I thought it might be helpful to shoot a quick, unedited video showing – in real time – how little effort it takes to keep it clear once you’ve got it clear.
A few tips:
- Use David Allen’s advice: If it takes less than two minutes to deal with it, deal with it immediately. The old me would have seen that first email in the video below and just left it to ‘deal with later.’ This is poison. Don’t do it. There’s never time later.
- Delete more stuff. Or set up a mail rule to have non-essential stuff like newsletters auto-sort to a folder for your someday-maybe casual reading.
- If someone sends you a link or article, use a service like Instapaper. Click on the link in the email, and immediately after it opens in your browser, use Instapaper’s ‘Read Later’ bookmarklet thingie and file it away. Then immediately close your browser and get back to triaging your inbox.
- Delete more stuff.
- Write shorter replies.
- Get stuff onto your calendar or your to-do list. Then file or trash that email. Use a to-do list that allows you to post future items. If you’re using a notebook or single sheet of paper, be sure to note the future date. I use Toodledo synced with ToDo on my phone and iPad.

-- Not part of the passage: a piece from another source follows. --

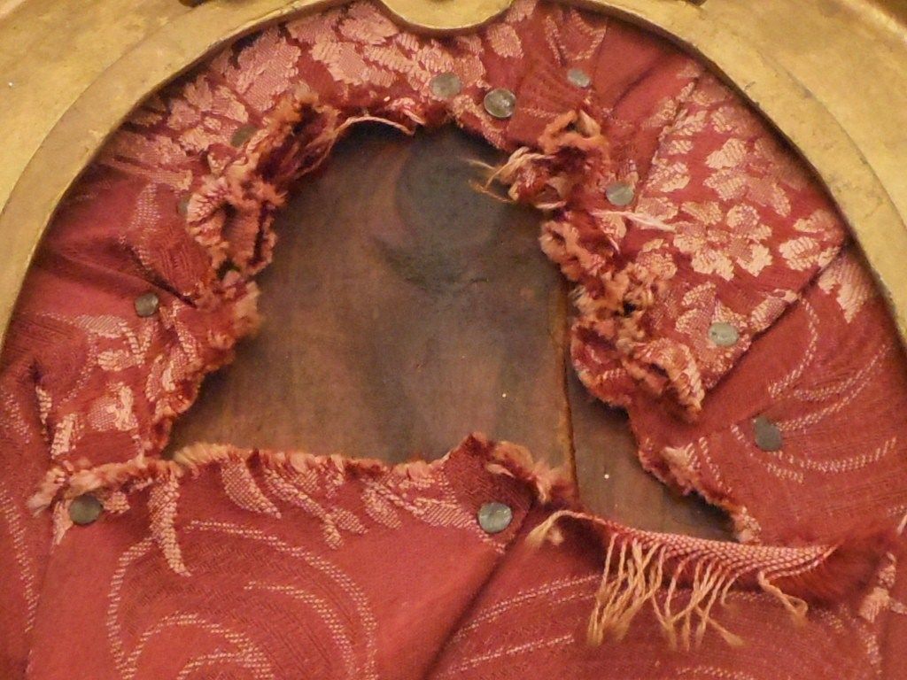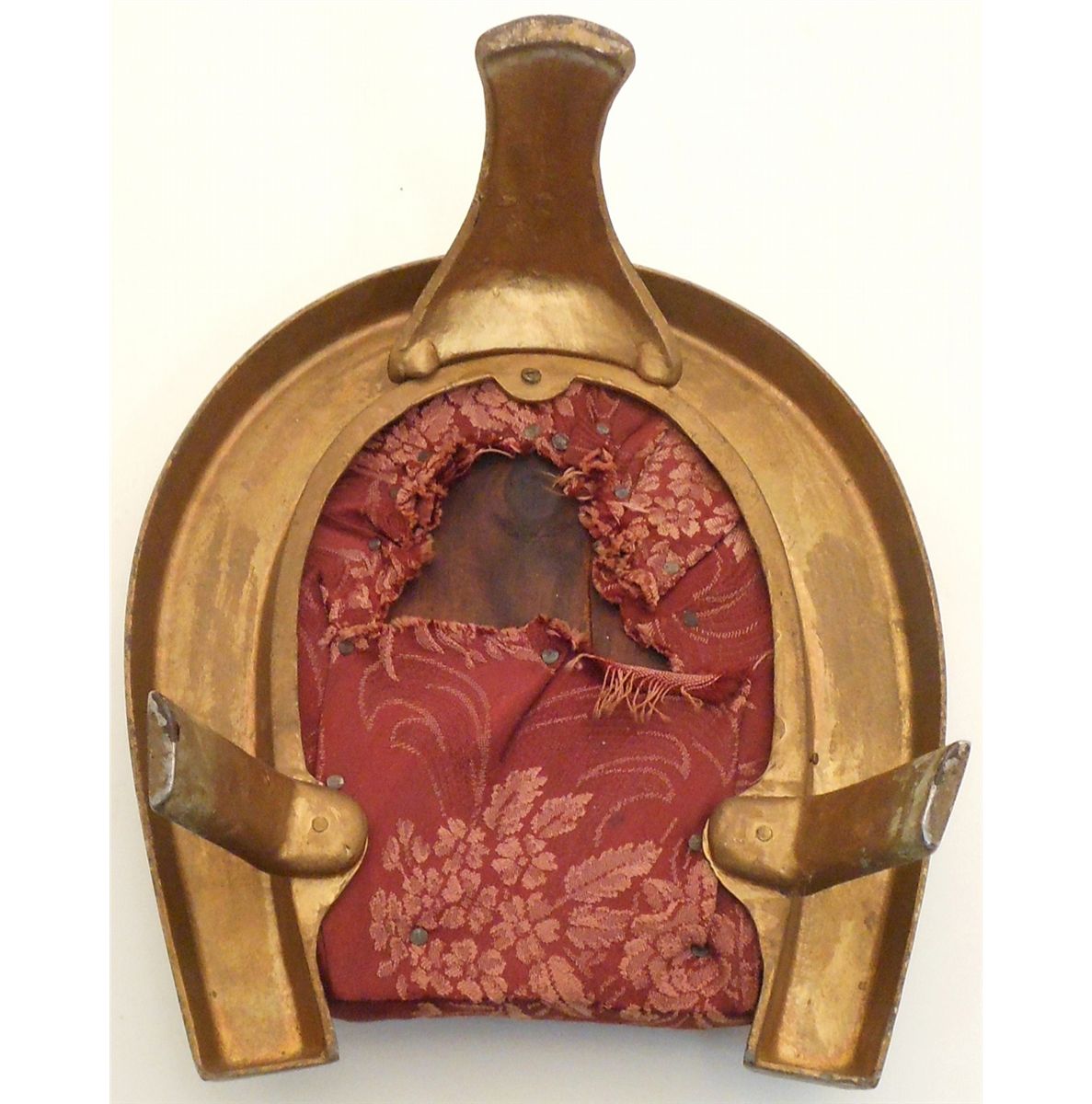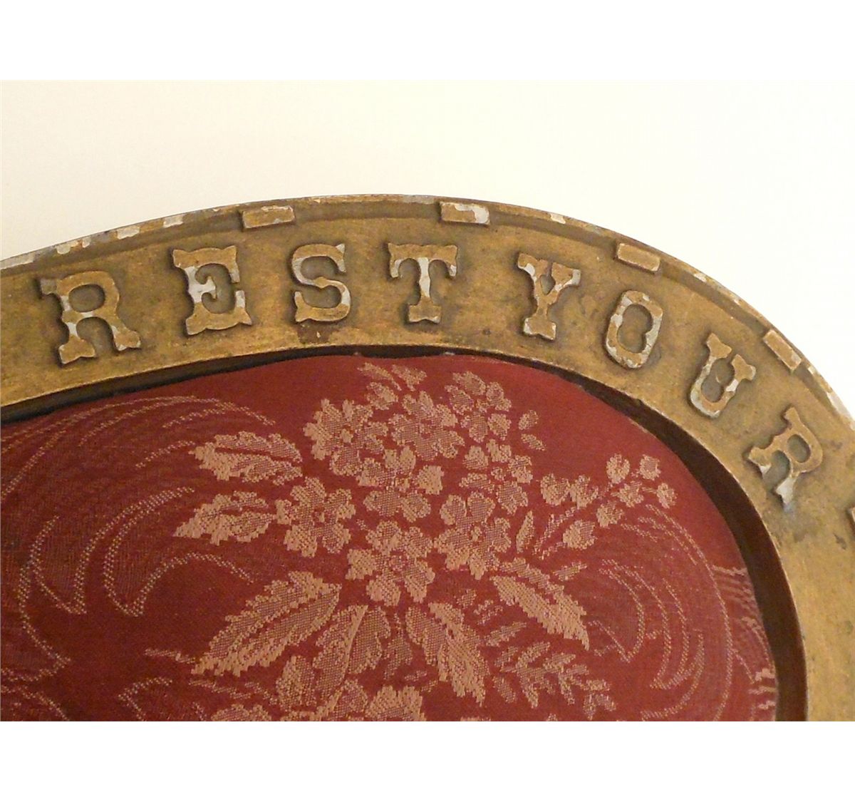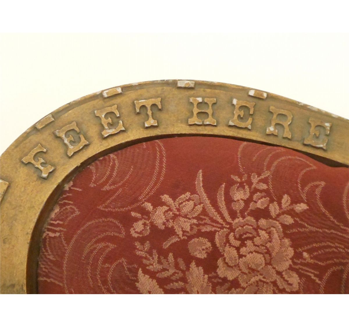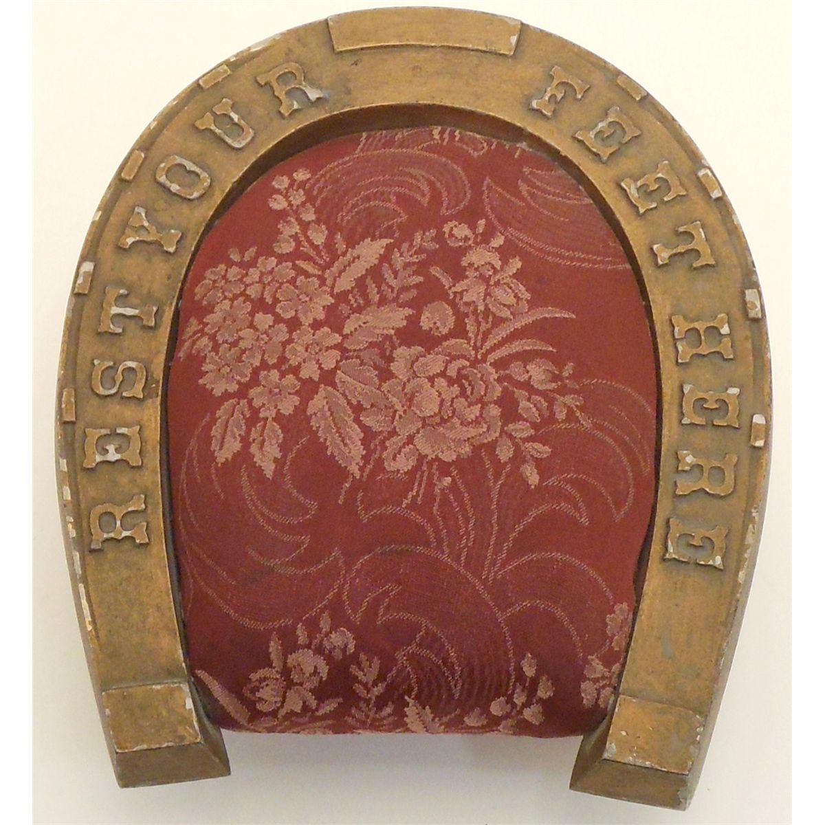 12" X 10 1/2" and 5 3/4" Tall. Victorian Cast Iron Foot Rest in the shape of a Horseshoe with the saying, "Rest Your Feet Here". Wood Center covered in red floral material. Great Condition with some wear. (see pictures)

- Speaking of mobile devices – and this is kinda technical – if you check email somewhere other than your computer, it really helps if your email accounts are IMAP accounts that sync your email between devices, so when you delete it from one, you delete it and it doesn’t re-download onto your computer later (like it does with POP3 accounts). If you’re confused by this, ask a younger person – they can explain it to you. But not too young … you know you’ve gone too young when they look up from their texting and are all, like, ‘umm … what’s email?’ Tell that little punk to get off your lawn and go find someone a little older.

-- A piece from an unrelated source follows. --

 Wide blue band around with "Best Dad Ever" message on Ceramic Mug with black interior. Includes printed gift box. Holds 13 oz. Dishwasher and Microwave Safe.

If you can’t see the embedded video, click here to watch it on YouTube.
Hope this helps. It really is like keeping your house clean – do the heavy lifting once, and the maintenance to keep it clean really only takes minutes a day.
Any questions? Do you have any tips to help?
Dennis says
mmethinks there is also a ‘personality’ issue at play – and no matter that it ‘can’ be done, it seems some people may not want it clear.
I am in the ‘clean inbox’ school; my wife and business partner is not. An dn matter how hard I try…:-)
Tim says
I dunno, Dennis. I’ve got the personality type hard-wired to let my inbox grow weeds, clutter and e-carcasses, but I trained myself to make it work because it made my life better.
I didn’t like it at first. Hated it. It would have been like breaking my writing hand and having to use the other.
johnwin says
A great video. Useful for both inbox zero newbies and old timers like my self. Your workflow is very similar to mine.
Do you not use the option to forward an email to toodledo.com at all? I could not live without it now.
Rhiannon says
I’m getting to this a little late, but just wanted to say that this was SO HELPFUL to see how this works in action! With my new career change, I can see how using a method like this will be beneficial to me and I can’t wait to get things organized and put it in action!
Thanks for sharing, Tim! Great video.
Tim says
First – congrats on that career change! Second – thanks! Third – just wait til you see my next video on making our son’s shoes stink less! Fourth – I have officially exhausted my exclamation point quota for April.
Tim says
John – forgive the delayed response. I had not used it … until your comment filled with awesome arrived, and I’ve been using it (even some of the little taggy things) ever since. You rock like Elvis. Bless you down to your socks.
Amy says
Love this. I don’t have this problem as much with my work email as I do with my personal email though. I just realized that I had a bunch of emails I hadn’t responded to, and like you said, would take 2 minutes to take care of. So I did that. Bam. Sent. Filed. I use gmail for all my email accounts so I tag everything with something for filing (since gmail doesn’t use “folders”) and this helps me in searching for emails as well. I really need to use my task list or something like Toodledo to keep track of work items though.
Thanks again!
Scott Kindred says
The little punk on the lawn you mentioned – yep, he’s been to my house, too, and was no help with IMAP and POP3 settings!
I’ve had varying degrees of success with the sync from my [straight] Gmail account, as well as from my domain managed through Google Apps, to my Android. Your info has spurred me to go and review my settings; it is so important to keep a handle and deleted items and labeled items.
Your article and time to do the video is greatly appreciated – I saw it from a post on your twitter page earlier today.
The naked accountant says
Great email advice. I’ve thought of all those things just never all together. Makes perfect sense. Thanks!